» Collected data
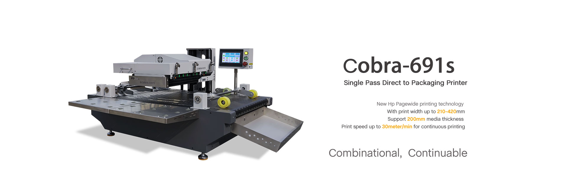 FocusInc single pass printer Cobra 691S is a printer for Corrugated paper, Pizza boxs, Shopping bags, Coffee bags, Paper cups, Envelope, Cards, Napkins, Tissue etc. With fast speed, it’s very popular by the market.
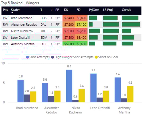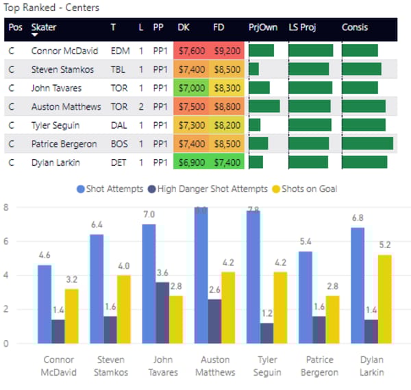 If you take anything away from this, keep in mind that hockey is a high-variance sport. The top ranked player in each category could be a great play or be a dud tonight. Going all in on any player probably isn't a great move.
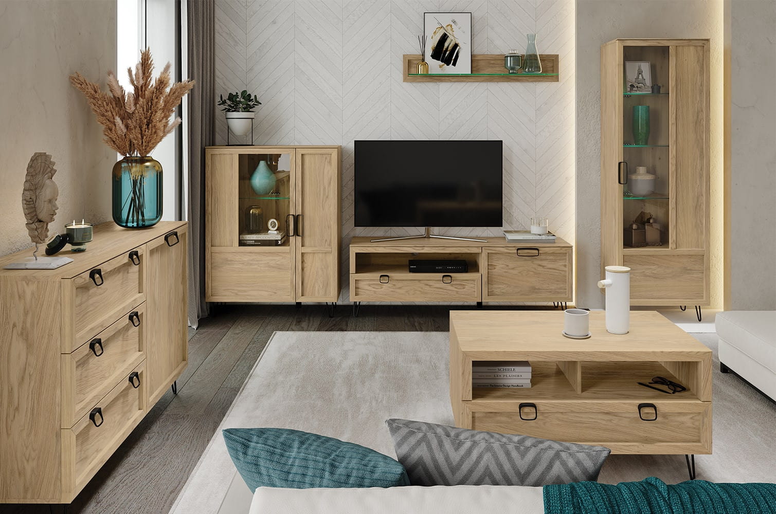 - Wykonanie korpus: zew. płyta meblowa w naturalnej okleinie dębowej; wew. płyta meblowa foliowana

» What needs to be done
Omit the pictures, then give all the lines above again exactly.

» Solution to the problem
 FocusInc single pass printer Cobra 691S is a printer for Corrugated paper, Pizza boxs, Shopping bags, Coffee bags, Paper cups, Envelope, Cards, Napkins, Tissue etc. With fast speed, it’s very popular by the market.
 If you take anything away from this, keep in mind that hockey is a high-variance sport. The top ranked player in each category could be a great play or be a dud tonight. Going all in on any player probably isn't a great move.
 - Wykonanie korpus: zew. płyta meblowa w naturalnej okleinie dębowej; wew. płyta meblowa foliowana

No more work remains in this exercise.